Fortunately, druntime’s GC implementation is all controlled by a proxy, a global variable _gc. All GC operations are member functions of _gc. This means we can, instead of using a __gshared _gc, key off of a thread local _gctls. This will default to being _gc, and so the default behavior will be as now.
A user can then:
gc_push();
which will then create a new instance of the GC and set _gctls to it. All calls to the GC in the current thread will now go to the new instance. When done,
gc_pop();
will throw away that GC implementation and all the memory it allocated, and revert to the previous value of _gctls.
Some observations:
1. statelessOp() will have to be nothrow. This is because throw allocates GC memory for the exception, and all such memory cannot survive gc_pop().
2. statelessOp() cannot spawn a new thread. Of course, it can’t anyway because it is pure.
3. statelessOp() may not cast memory to shared.
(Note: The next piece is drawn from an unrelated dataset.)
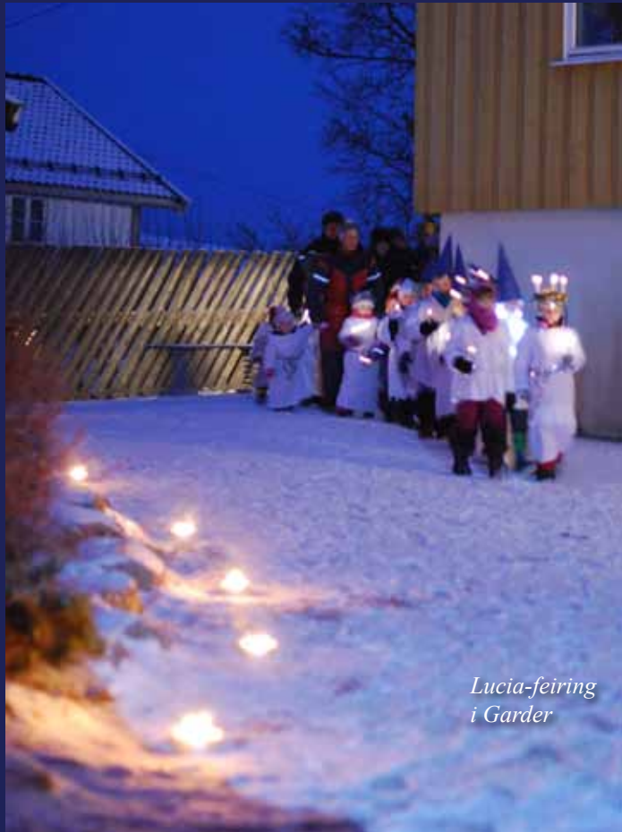
Lucia-feiring i Garder

Husets 4 åring har fått med seg at lys er viktig når vi feirer Lucia. I forbindelse med årets feiring får vi kanskje benytte anledningen til en hyggelig lesestund i sofaen, så kanskje enda mer av legenden om Lucia kan «få komme frem i lyset».

4. The new region GC instance will be thread local, meaning it no longer has to acquire/release locks, and it doesn’t need to stop other threads when doing a collection cycle. The thread running the region GC will still have to be stopped when the global GC is collecting, as its stack and locals may still refer to global GC data.
5. Pairs of gc_push()/gc_pop() can be nested.
6. The default ‘roots’ of the new instance will be the current thread’s stack. Adding other roots will be the responsibility of the caller. If the caller gets this wrong, undefined behavior will result. Consider the following:
auto s = toStringz(msg); // return value kept in register, e.g. EDI
gc_push();
statelessOp(s); // passes s in EAX, trashes EDI
gc_pop();
and statelessOp stores the value in the thread local GC only:
void statelessOp(char* s)
{
char** ps = gc_malloc(s.sizeof);
*ps = s;
// now there is no more reference to s on the stack or in register
// but access through *ps is possible
}
The same can happen right now with an external C function if it changes the argument on the stack.
7. It will be up to the user to ensure that when gc_pop() is called, no further references to that GC instance’s allocations will be made.
8. The return value, if it as allocated in the region, will have to be deep-copied.
9. statelessOp() will have to be expensive enough to justify the time spent creating/destroying a region.
A further observation is that class GC has virtual functions in it. This opens up the possibility of doing a gc_push() with a different GC. Two possibilities come to mind:
1. Allocate-but-never-free, like DMD does. This would be very fast.
2. Assert-on-any-allocation, used for code that wants to be “nogc”. This avoids the complexity of adding a “nogc” attribute to D. More discussion of “nogc”: https://github.com/D-Programming-Language/druntime/pull/493
Acknowledgments
Thanks to Rainer Schuetze for his helpful comments on this.
Copyright
This document has been placed in the Public Domain.